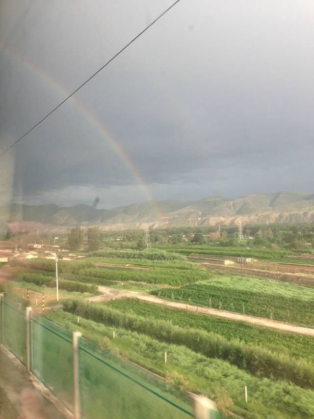拉萨现在是雨季,在火车上看到了彩虹,好开心
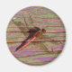 Nature art fotografia de uma libélula, sobre um claro e rústico fundo sonhador de roxo e verde.
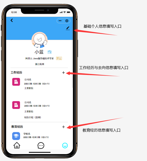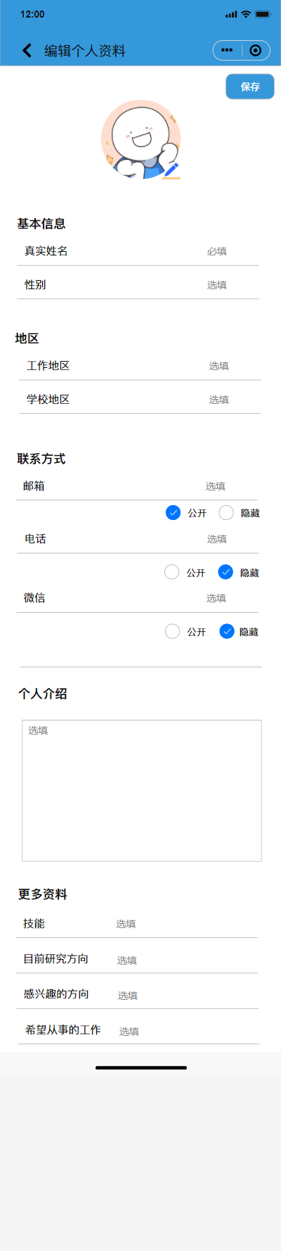 登录成功后在我的界面进行个人信息的补充与填写。个人信息分为三个模块填写。
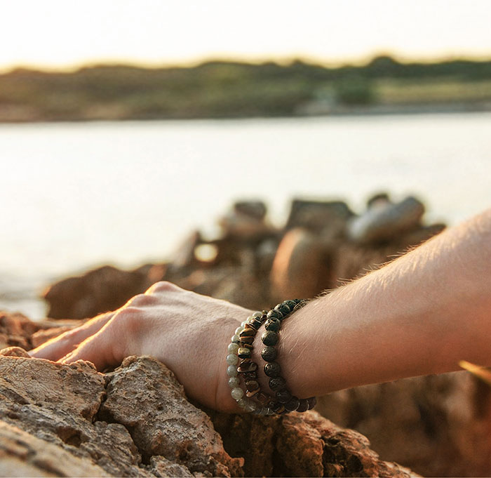 En bracelet homme, les bracelets perles sont devenus un incontournable. Ils se portent très bien seuls, mais aussi associés à un bracelet chaîne homme ou une gourmette homme, pour jouer sur le contraste entre métal et pierre. Côté féminin, ce type de bracelet femme fonctionne parfaitement en accumulation, notamment avec un bracelet fin femme ou un jonc, pour apporter de la texture et une touche lifestyle. Les pierres se déclinent dans une grande variété de couleurs, auxquelles on associe des vertus. Certaines combinaisons sont même recherchées pour leur compatibilité ou leur synergie. Résultat : un bijou simple, mais très expressif, qui s’adapte à tous les styles.

--------------------------------

• _YOUR TASK_
All lines from the one containing "登录成功后在我的界面进行个人信息的补充与填写。个人信息分为三个模块填写。" through the end of the data are to be written out exactly, with nothing added; skip the pictures.

• _RESPONSE AREA_
 登录成功后在我的界面进行个人信息的补充与填写。个人信息分为三个模块填写。
 En bracelet homme, les bracelets perles sont devenus un incontournable. Ils se portent très bien seuls, mais aussi associés à un bracelet chaîne homme ou une gourmette homme, pour jouer sur le contraste entre métal et pierre. Côté féminin, ce type de bracelet femme fonctionne parfaitement en accumulation, notamment avec un bracelet fin femme ou un jonc, pour apporter de la texture et une touche lifestyle. Les pierres se déclinent dans une grande variété de couleurs, auxquelles on associe des vertus. Certaines combinaisons sont même recherchées pour leur compatibilité ou leur synergie. Résultat : un bijou simple, mais très expressif, qui s’adapte à tous les styles.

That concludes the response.